The court instructed for the defendants, upon this state of the testimony, that ‘ ‘ if the jury believed from the evidence that the plaintiff, upon a settlement with Louis Loos, took the notes offered in evidence as payment in full for the account described in the petition, and executed the receipt read in evidence with the intention of closing the accounts and relying on the notes as security, then they should find for the defendants.”

*152The plaintiff objected to the instruction; and the only question in the case demanding notice arises upon the action of the court in giving it. The objection to the instruction is that there was no evidence upon which to found it. The point is well taken. The mere acceptance of the notes and the giving of the receipt did not constitute such evidence of payment as warranted the court in sending the case to the jury. In other words, the acceptance of the notes and the giving of the receipt did not make even a prima facie case of payment.

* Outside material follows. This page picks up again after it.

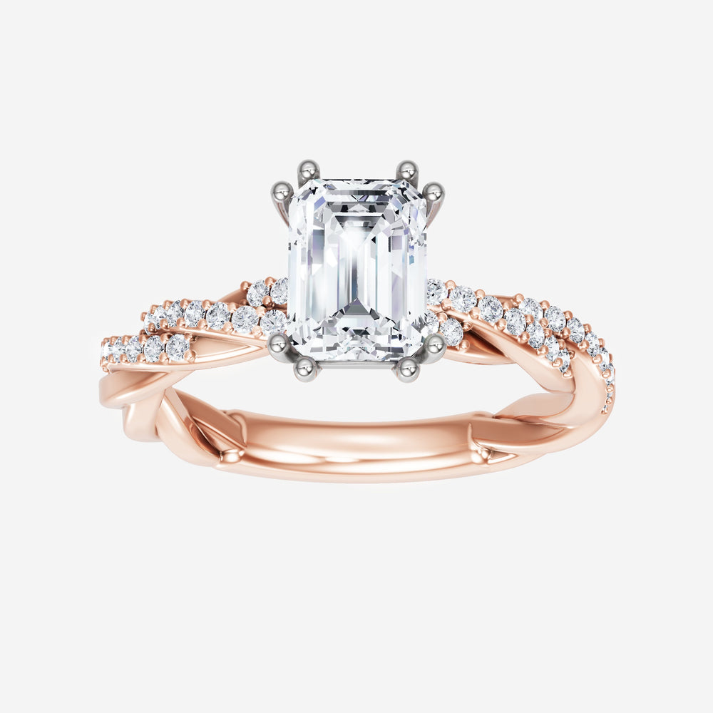 You’ve designed a ring that reflects lasting elegance and grace! Crafted from 18k Rose White Dual Tone, this exquisite Emerald lab-grown diamond is the centerpiece of this unique design. This Rope Diamond Shank with a 4 Prong Split Prong head showcases the brilliance of the Emerald diamond, creating a timeless look. It's a piece of elegance and beauty, perfect for marking life's most beautiful occasions.

The case at bar can not be distinguished in principle from that of McMurray v. Taylor, 30 Mo. 263, where it was held that the acceptance of the debtor’s note for the amount due on an open account, and receipting for it, as taken in settlement of the account, did not constitute such evidence of payment as warranted the submission of the cause to the jury. In Frisbie v. Larned, 21 Wend. 452, Cowen, J., in discussing this subject, said: “The case is different from that where a party gives his own note for his own debt, which is accepted as in full. There, on default of payment, the creditor has his election to go back to the original cause of action on surrendering the note to be canceled. The note, in such cases, is not even prima facie satisfaction; but it is otherwise of a note against a third person transferred by the debtor, or a note procured from a third person as surety and accepted as satisfaction.” This undoubtedly is a correct statement of the current doctrines governing transactions of the character mentioned, and harmonizes with the decision in McMurray v. Taylor. (See also 2 Pars, on Cont. 624; Sto. on Prom. Notes, § 104, 5th ed.; Peters v. Beverly, 10 Pet. 567.)

The judgment must be reversed and the cause remanded.

Judge Bliss concurs. Judge Wagner absent.